# The problem:
Reproduce all of the data exactly. Images are not to appear in the reply.

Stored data

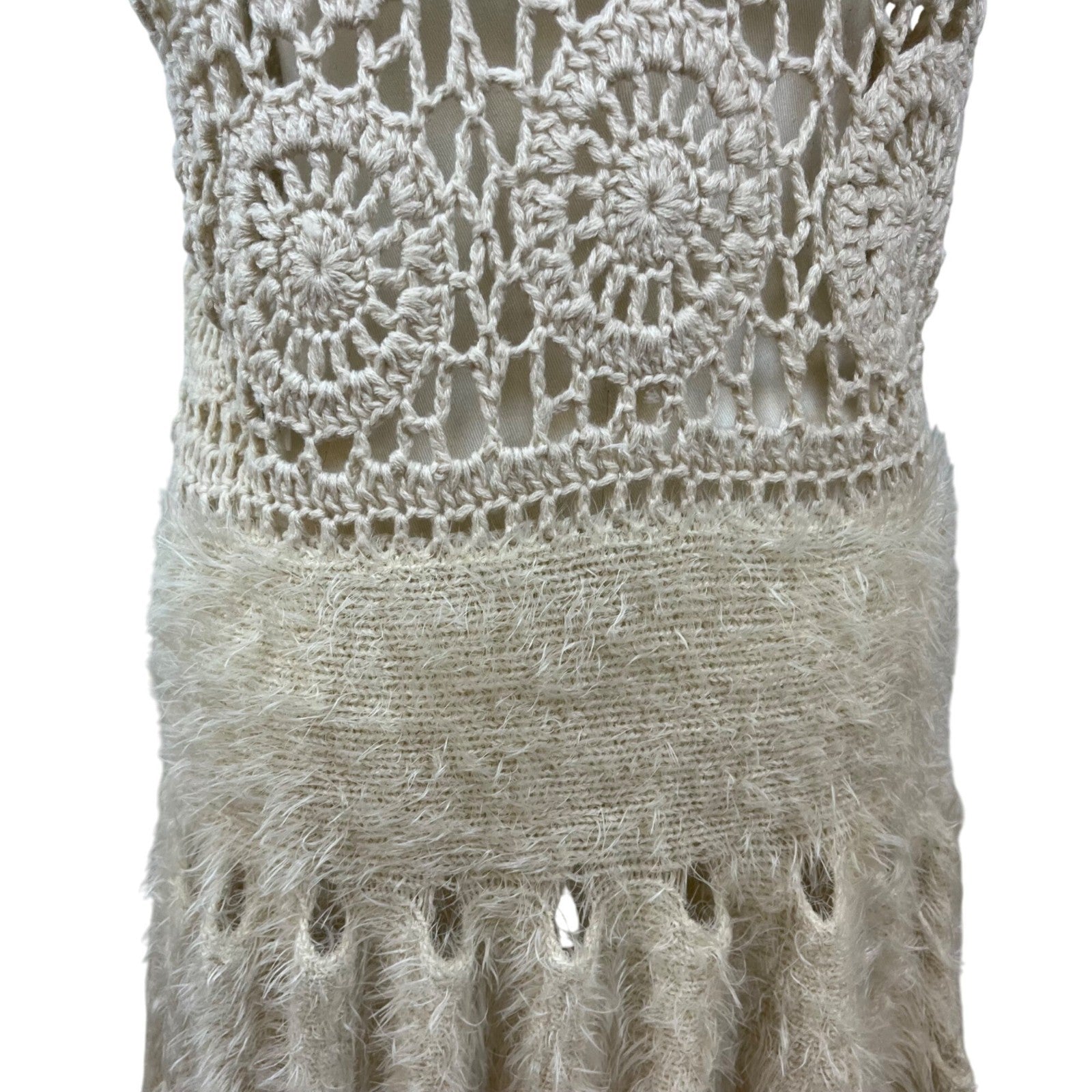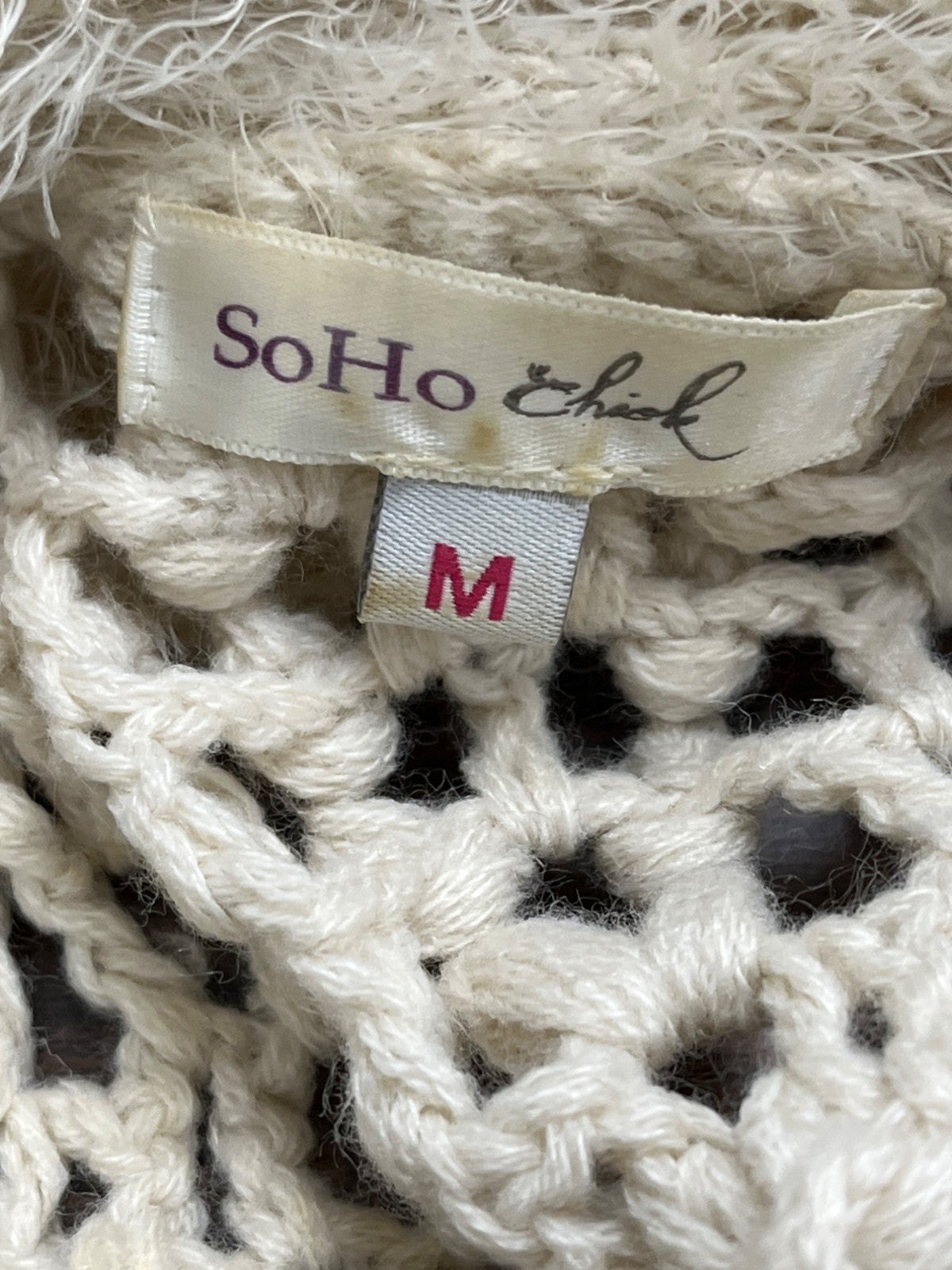 Soho Chick Womens Beige Crochet Knit Shawl Collar Vest Medium Acrylic Open Front
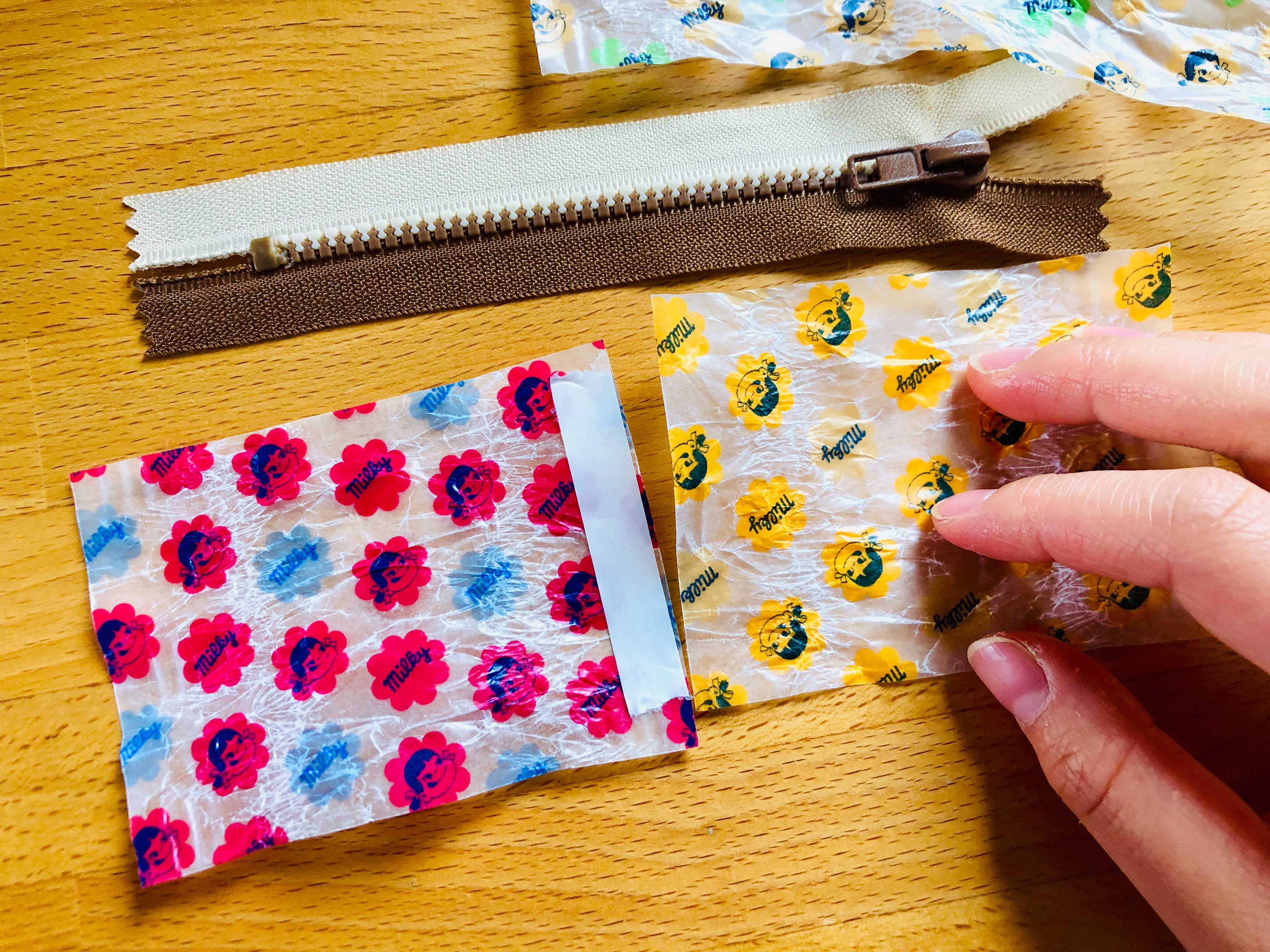 お菓子の袋をラミネート!かわいいポーチにアップサイクル。
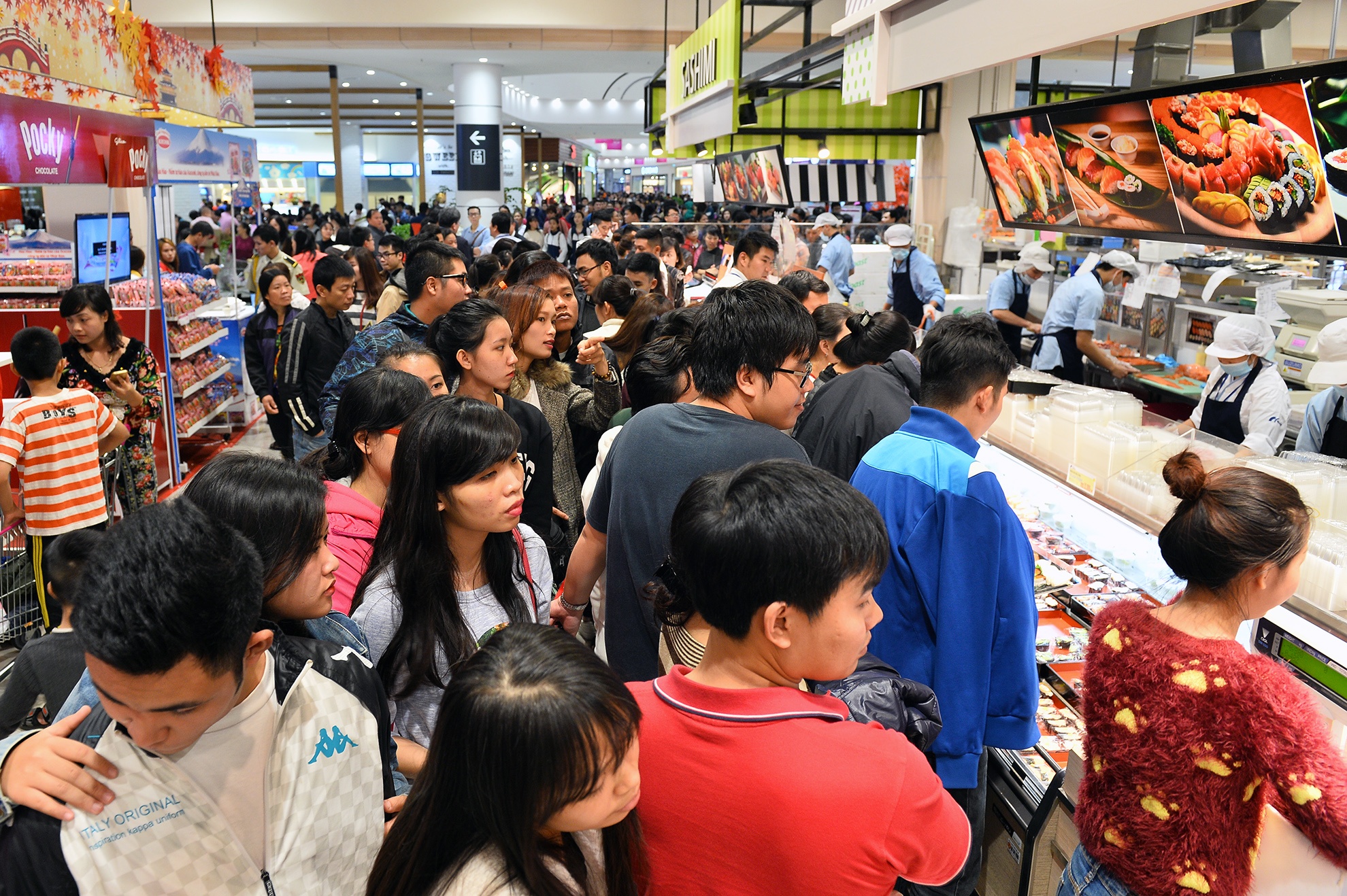 | Siêu thị và các gian bán đồ ăn nhanh kiểu Nhật thu hút đông khách nhất. |
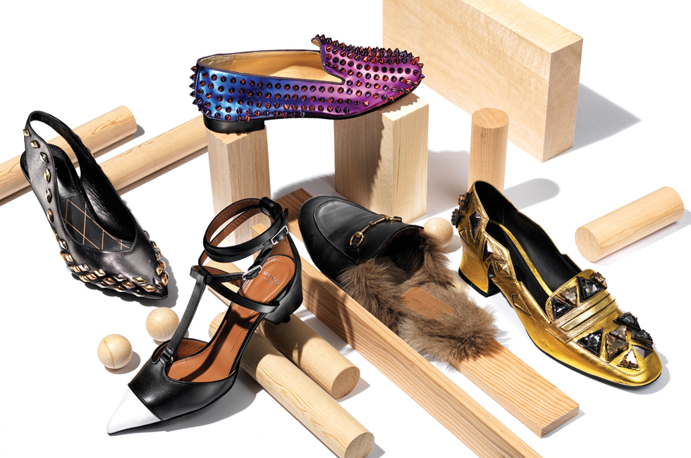 실버, 브론즈, 골드 스터드 장식으로 화려하게 포인트를 준 골드러쉬 슬링백 펌프스 1백50만원대 루이 비통. 뾰족한 스터드 장식이 강렬한 투톤 컬러의 페이턴트 슈즈 2백7만원 크리스찬 루부탱. 딥한 컬러감의 스와로브스키 장식이 돋보이는 골드 컬러 펌프스 2백만원대 보테가 베네타. 기존의 시그너처 로퍼를 슬리퍼로 재해석하고 캥거루 퍼로 위트를 더한 홀스빗 로퍼 슬리퍼 87만원 구찌. 관능적인 스트랩 장식과 섹시한 앞코가 매력적인 슈즈 1백53만원 지방시.
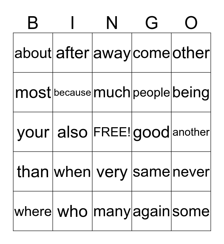 This bingo card has a free space and 24 words: when, who, much, where, other, about, most, after, good, very, people, your, same, never, because, again, another, away, being, also, some, than, come and many.
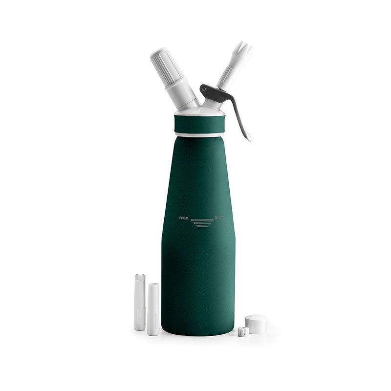 Ampliar Botella sifón de N2O fabricada en aluminio de gran calidad acabado verde. Ideal para realizar espumas, cremas montadas, mouses, etc. Disponible en 2 tamaños.
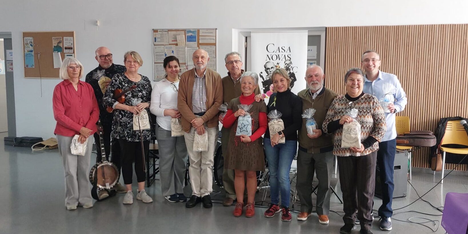 Los músicos participantes en el concierto fueron Eusebio Sánchez (guitarra), Víctor Manuel Quesada (guitarra y voz), Ita Menéndez (batería), Vicente Luengo (violín), Juan Espinosa (guitarra), Caty Hernández (voz), Nadine Ceuterick (clarinete), Sandra Cedeño (voz), Juhani Ahonen (banjo), Anne Savin (violín) y Aurora Villares (guitarra y voz), que presentaron un precioso repertorio en diferentes formaciones (solista y grupos de cámara), algo que hizo disfrutar a los usuarios, trabajadores, familiares y público que llenaron el hall principal del centro torrevejense.

# Expected answer:
 Soho Chick Womens Beige Crochet Knit Shawl Collar Vest Medium Acrylic Open Front
 お菓子の袋をラミネート!かわいいポーチにアップサイクル。
 | Siêu thị và các gian bán đồ ăn nhanh kiểu Nhật thu hút đông khách nhất. |
 실버, 브론즈, 골드 스터드 장식으로 화려하게 포인트를 준 골드러쉬 슬링백 펌프스 1백50만원대 루이 비통. 뾰족한 스터드 장식이 강렬한 투톤 컬러의 페이턴트 슈즈 2백7만원 크리스찬 루부탱. 딥한 컬러감의 스와로브스키 장식이 돋보이는 골드 컬러 펌프스 2백만원대 보테가 베네타. 기존의 시그너처 로퍼를 슬리퍼로 재해석하고 캥거루 퍼로 위트를 더한 홀스빗 로퍼 슬리퍼 87만원 구찌. 관능적인 스트랩 장식과 섹시한 앞코가 매력적인 슈즈 1백53만원 지방시.
 This bingo card has a free space and 24 words: when, who, much, where, other, about, most, after, good, very, people, your, same, never, because, again, another, away, being, also, some, than, come and many.
 Ampliar Botella sifón de N2O fabricada en aluminio de gran calidad acabado verde. Ideal para realizar espumas, cremas montadas, mouses, etc. Disponible en 2 tamaños.
 Los músicos participantes en el concierto fueron Eusebio Sánchez (guitarra), Víctor Manuel Quesada (guitarra y voz), Ita Menéndez (batería), Vicente Luengo (violín), Juan Espinosa (guitarra), Caty Hernández (voz), Nadine Ceuterick (clarinete), Sandra Cedeño (voz), Juhani Ahonen (banjo), Anne Savin (violín) y Aurora Villares (guitarra y voz), que presentaron un precioso repertorio en diferentes formaciones (solista y grupos de cámara), algo que hizo disfrutar a los usuarios, trabajadores, familiares y público que llenaron el hall principal del centro torrevejense.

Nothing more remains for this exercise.